Nonetheless, I reminded them that their exams would require analysis, and often re-explained at their request the difference between analysis and summary.

My Western-trained colleagues, both foreigners and Chinese, tell similar stories. It's not that university students in the West hadn't also needed coaching in critical thinking, but they weren't so blindly locked into such a seemingly entrenched style. It doesn't help, of course, that certain important topics related to politics and business have to be avoided in my Chinese classes.

Ironically, the government that has enforced such restrictions and focused its schools so intensely on math and science seems to realize its efforts may be too effective.

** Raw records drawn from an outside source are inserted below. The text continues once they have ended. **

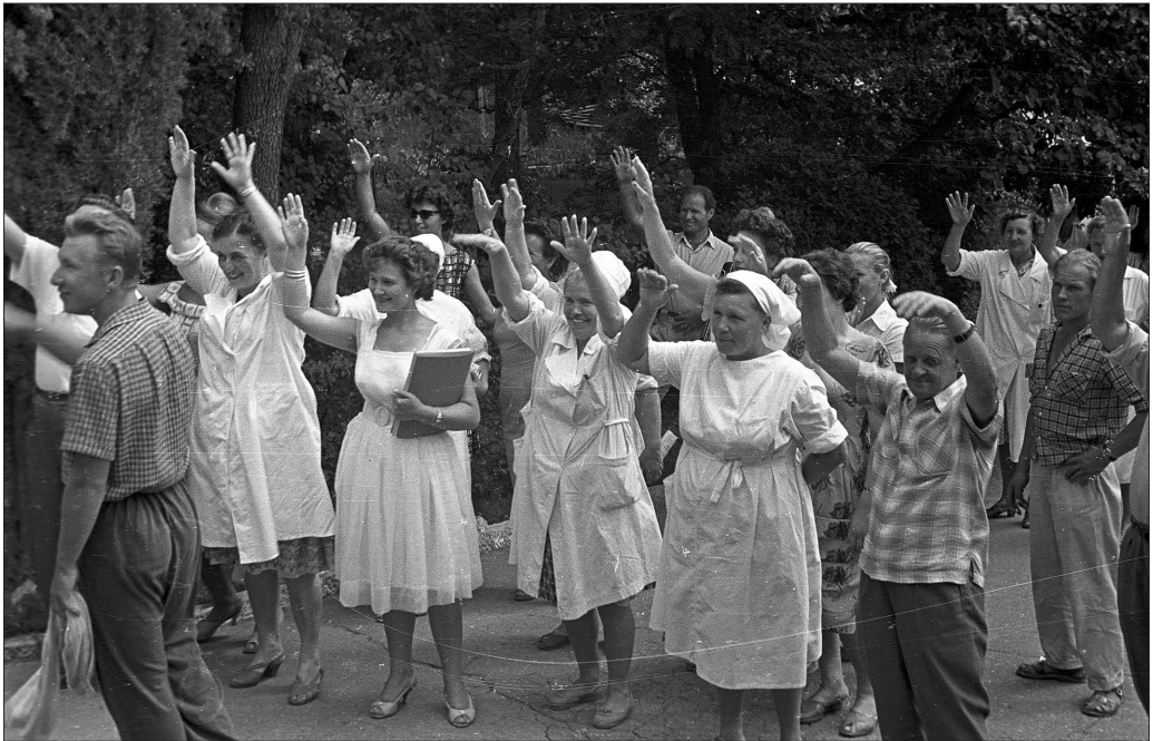
Búcsú a Krímtől, 1963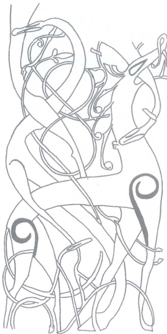
Ryc. 13. Fragment zdobienia zachodniego portalu drewnianego kościoła w Urnes, Norwegia, 2. połowa XI wieku. Rys. P. Kulesza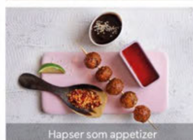
Hapser som appetizer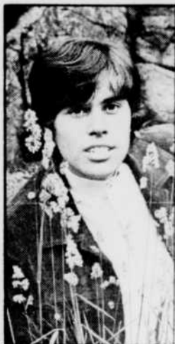
Le chanteur BRUCE interprétera «Je ne pense qu'à toi».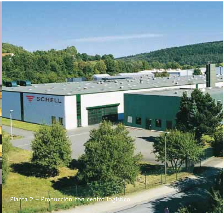
Planta 2 – Producción con centro logístico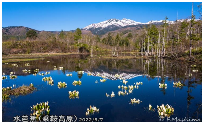
水芭蕉(乗鞍高原) 2022/5/7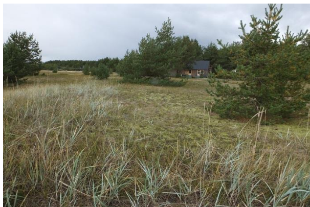
Vaade punktist 196 loodesse üle elupaiga PRA_07:2130/C elamuehituse tõttu hävinud elupaigale PRA_10:0.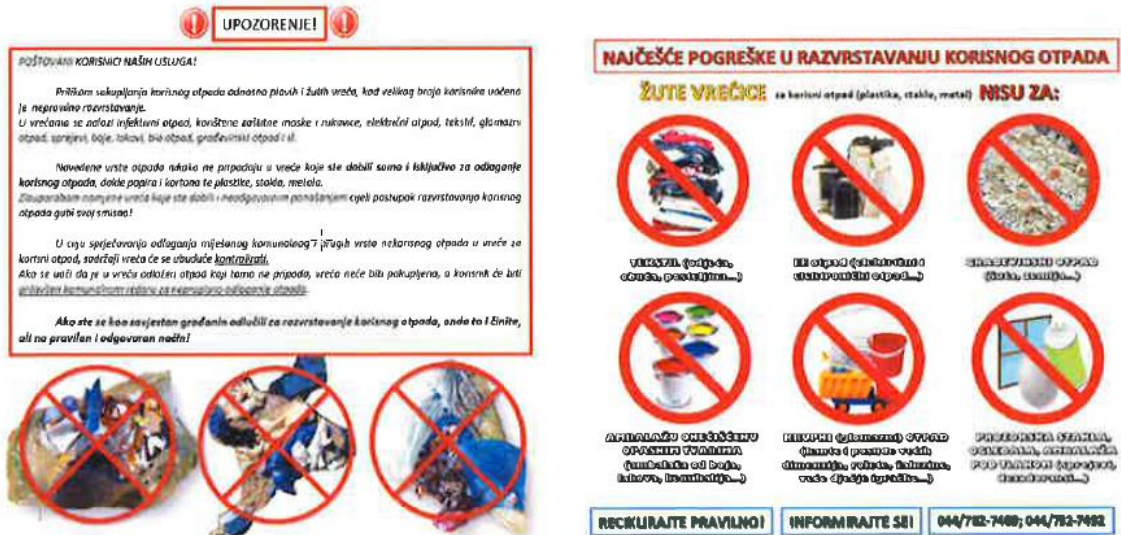
Slika 13. Uputa korisnicima usluga tvrtke Gospodarenje otpadom Sisak d.o.o. kako razvrstavati korisni otpad

Tijekom 2020. godine tvrtka GOS upozoravala je korisnike na greške u razvrstavanju korisnog otpada te su im upute i obavijesti slali uz račune za redovni odvoz miješanog komunalnog otpada.

Highways, dams, bridges and airports have been built, every conceivable product manufactured and sold, but so few sophisticated marketing and management minds have been cultivated that it will be a long time before most people in the world can name a Chinese brand.

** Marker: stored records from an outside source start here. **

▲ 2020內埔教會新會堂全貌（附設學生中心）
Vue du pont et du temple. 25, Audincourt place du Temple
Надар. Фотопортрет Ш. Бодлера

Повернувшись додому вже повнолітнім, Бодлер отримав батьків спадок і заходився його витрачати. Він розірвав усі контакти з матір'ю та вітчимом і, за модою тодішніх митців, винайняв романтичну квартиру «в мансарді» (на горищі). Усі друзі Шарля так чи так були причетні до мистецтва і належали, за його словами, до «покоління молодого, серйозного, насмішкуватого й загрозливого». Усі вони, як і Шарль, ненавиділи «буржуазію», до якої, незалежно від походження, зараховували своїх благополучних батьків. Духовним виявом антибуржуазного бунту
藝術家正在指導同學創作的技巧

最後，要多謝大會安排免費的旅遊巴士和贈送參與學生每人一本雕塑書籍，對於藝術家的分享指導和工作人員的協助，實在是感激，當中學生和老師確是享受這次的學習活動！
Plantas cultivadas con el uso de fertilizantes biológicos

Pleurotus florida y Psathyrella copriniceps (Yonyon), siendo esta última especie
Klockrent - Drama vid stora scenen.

With this problem in mind, local partnerships with institutions such as USC, Johns Hopkins, Yale, MIT and Insead of France have been established. If not quite ready to create cadres of disaffected litterateurs and cineastes, Beijing clearly recognizes it will take different kinds of thinkers to invent new products and sell them around the world.

And then there's the "thousand-talent scheme," a new government program intended to boost technological innovation by luring top foreign-trained scientists, including those of non-Chinese origin, to the mainland with big money and perks.